Les caractéristiques du liège expansé :

Considéré comme le plus ancien isolant, le liège possède des indices très performants en ce qui concerne la conductivité thermique, l’absorption acoustique, le comportement face à l’humidité et au feu.

Bien que son prix soit similaire aux autres isolants naturels, il est le produit le plus économique si l’on prend en compte que ce matériau est inaltérable, imputrescible et qu’il possède une forte inertie avec un temps de déphasage entre le chaud et le froid supérieur à 12 heures en moyenne. C’est-à-dire qu’en plus de vous protéger parfaitement du froid hivernal, l’été il vous isole efficacement de la chaleur.

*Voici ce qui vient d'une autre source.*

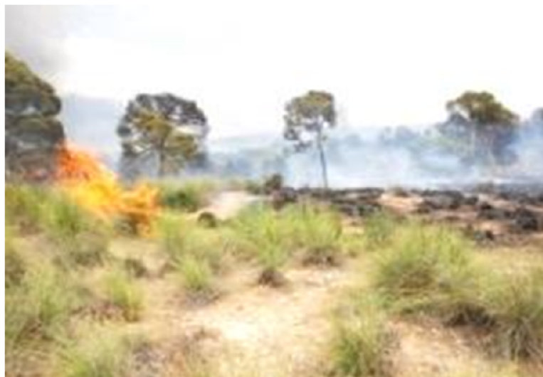
Figure 6: Forest fire in Merine, Sidi Bel Abbes region (2016)

Every year, during the summer, fires attack thousands of hectares of forests in Merine, Sidi Bel Abbes region (fig 4).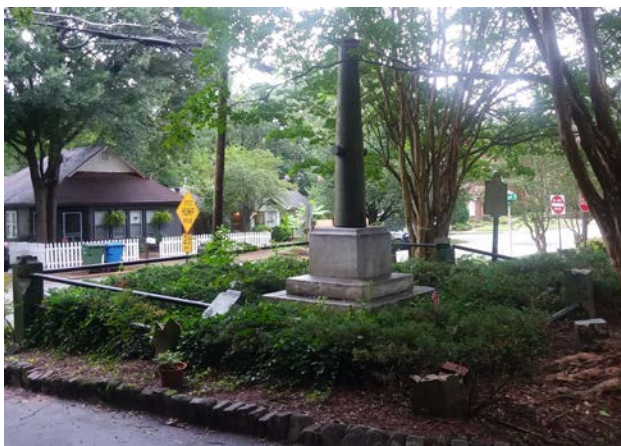
McPherson monument fence damage: Vehicle hit post now in pieces in right foreground.

Again, the McPherson and Walker monuments and markers recount battlefield events without bias and are not courthouse or capitol grounds statues or plaques. GBA feels strongly that battlefield markers and monuments that contain accurate texts should not be removed, and a marker or monument at any location should not be defaced or otherwise damaged. It is the purview of local governments to remove or reinterpret non-battlefield monuments.

Sans parler de sa contribution à la gestion durable des forêts de chênes-lièges, les subéraies.

Mode de fabrication :

Pour que son pouvoir isolant soit au maximum et qu’il soit parfaitement inaltérable et imputrescible, le liège est expansé :
Réduit en granules puis expansé à 300°C en autoclave, le liège se dilate enfermant alors une grande quantité d’air dans ses cellules.
Au cours de cette transformation, la matière s’agglomère naturellement, grâce à la subérine (Résine) contenue dans le liège. Le bloc ainsi formé sera découpé afin d’obtenir un isolant en vrac ou en panneaux.

La biomasse (Restes de découpe des lièges, de dépoussiérage…) représente 93% de l’énergie nécessaire pour la fabrication du liège expansé.

Données techniques :

Le pouvoir isolant thermique et acoustique du liège expansé tient à l’air enfermé à l’intérieur de ses cellules :
Environ 40 millions de cellules par cm3.

  • Densité : 105 à 125 kg/m3 pour les panneaux;
    65 à 80 kg/m3 pour le vrac.

La rigidité des panneaux permet aux plaques de liège expansé d’épaisseurs égales ou supérieures à 50mm de jouer le rôle de support d’enduit.

Des panneaux de densités supérieures (145 à 160 kg/m3 – 175 à 190 kg/m3) sont disponibles sur commande.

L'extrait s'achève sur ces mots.